I watched the Apropos Clojure #18 video cast the other day. The group worked on an example problem of finding the longest palindromic substring of a given string. A palindrome is a string of characters that’s the same in reverse order, such as “abba”.

The panelists started with a classic generate and test approach. Their solution looked something like this:

(defn palindrome? [s]
  (= (seq s) (reverse s)))

(defn substrings [s]
  (let [mx (inc (count s))]
    (for [start (range mx)
          end (range (inc start) mx)]
      (subs s start end))))

(defn longest-palindrome [s]
  "Return the longest substring of s that is a palindrome"
  (apply max-key count (filter palindrome? (substrings s))))

I have a couple of suggestions for improvements. The first idea is to build the substrings in length order, longest first. A slight rearrangement of the for comprehension will do the trick.

(defn substrings1 [s]
  (let [cnt (count s)]
    (for [len (range cnt 0 -1)
          start (range (inc (- cnt len)))
          :let [end (+ start len)]]
      (subs s start end))))

(defn longest-palindrome1 [s]
  "Return the longest substring of s that is a palindrome"
  (first (filter palindrome? (substrings1 s))))

With longest-palindrome1, the first palindrome found is known to be the longest as the candidates are generated in length order. The filter and substrings1 functions are lazy so the process terminates as soon the first palindromic substring is generated. The smaller substrings are not realized. In my tests, longest-palindrome1 was 2-3 times faster than the original.

The second improvement is to use a faster palindrome test. It’s not obvious, but clojure.string/reverse is pretty fast (due to Java interop) and definitley beats using Clojure sequences of characters. (I use “str” as a namespace alias for “clojure.string”.)

(defn palindrome2? [s]
  (= s (str/reverse s)))

(defn longest-palindrome2 [s]
  (first (filter palindrome2? (substrings1 s))))

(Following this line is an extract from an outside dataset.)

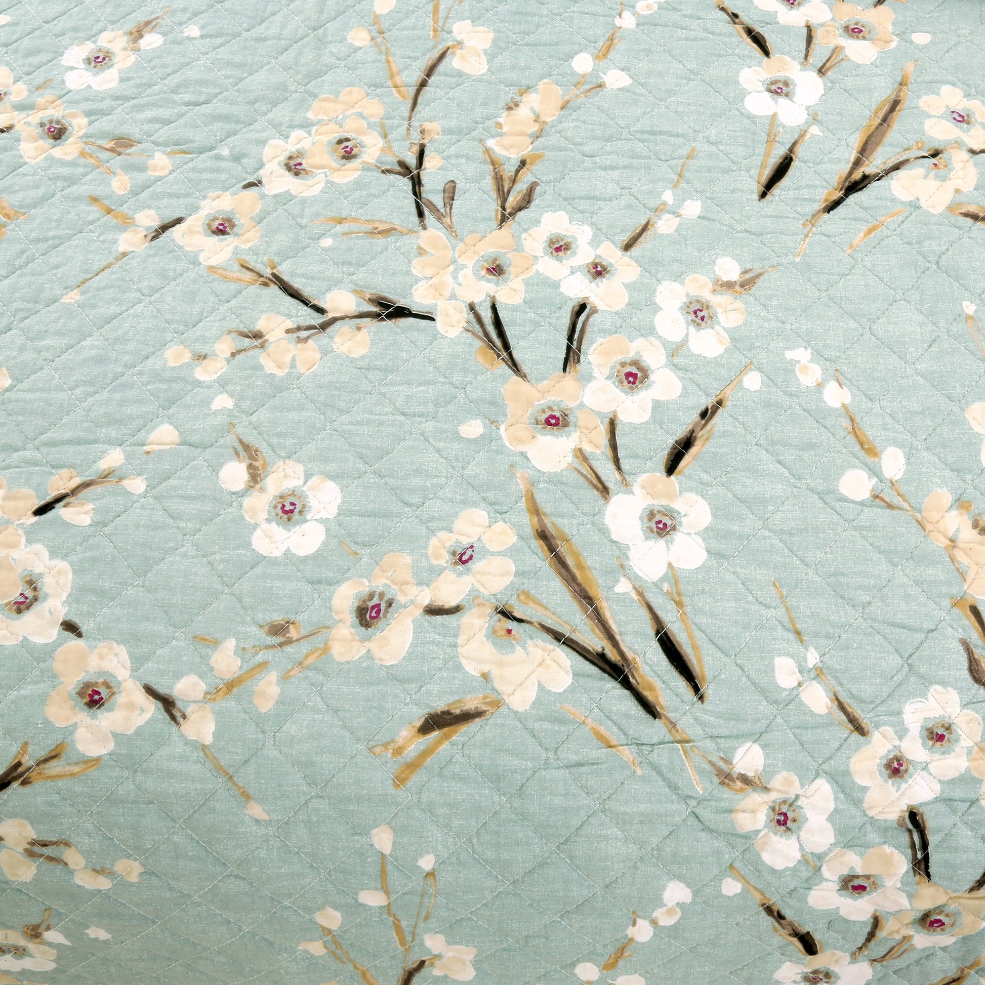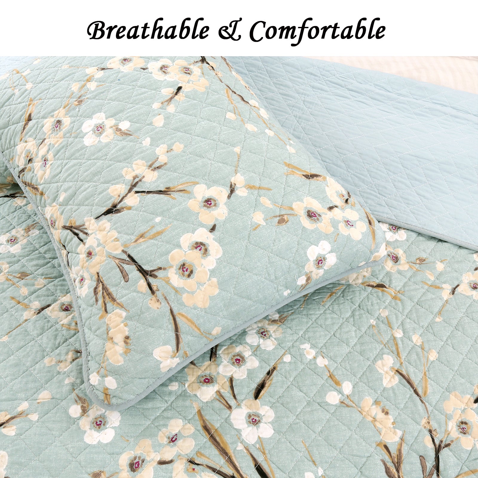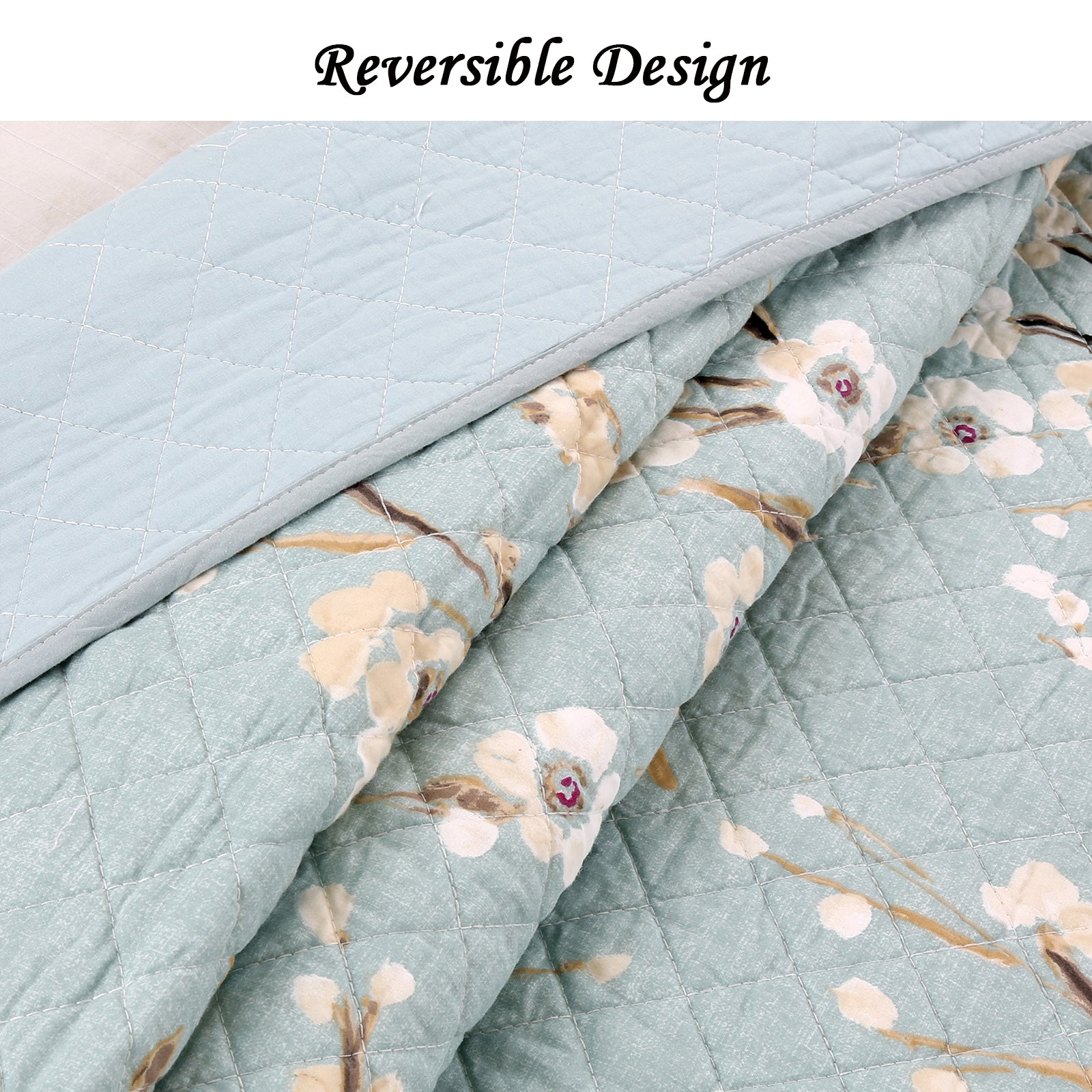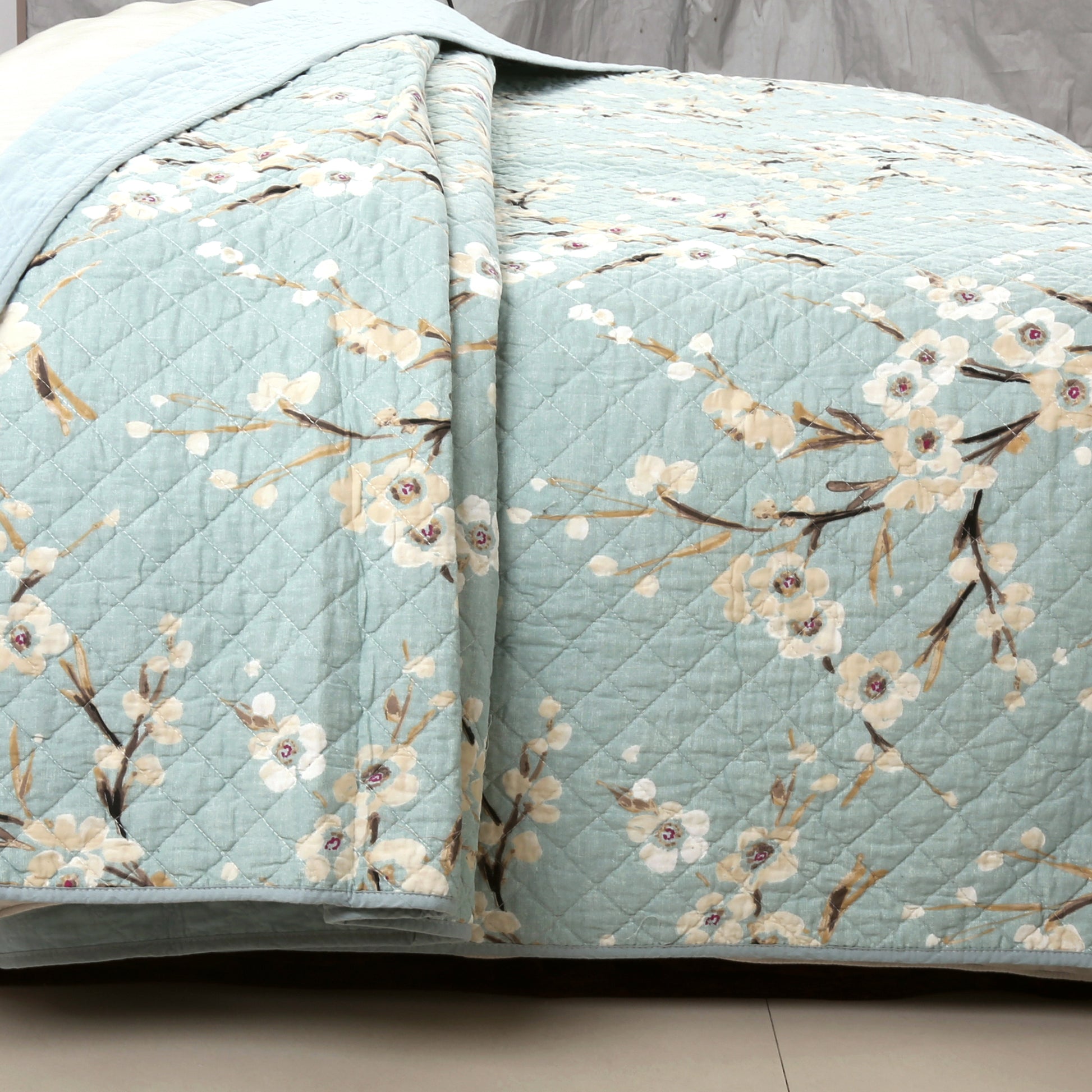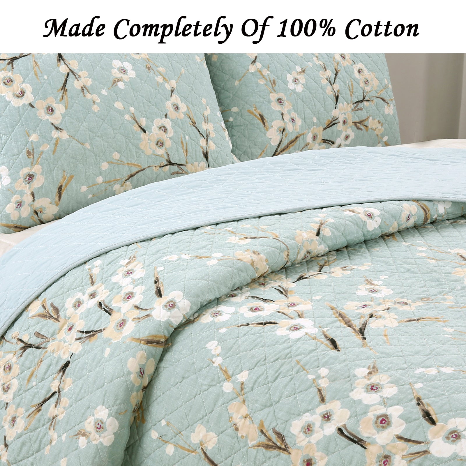 Cream Cherry Blossom Floral Cyan Blue Green 3-Piece Reversible Quilt Bedding Set

The longest-palindrome2 runs about 10 times faster than longest-palindrome1. That’s a nice performance win for a small change.

The fastest implementation I came up with uses Java interop to access characters within the original string without creating new strings. Only the longest palindromic substring needs to be realized. The ^String type annotations help the Clojure compiler pick the correct Java methods.

(defn substr-pal? [^String s start end]
  (loop [front start back (dec end)]
    (or (>= front back)
        (and (= (.charAt s front) (.charAt s back))
             (recur (inc front) (dec back))))))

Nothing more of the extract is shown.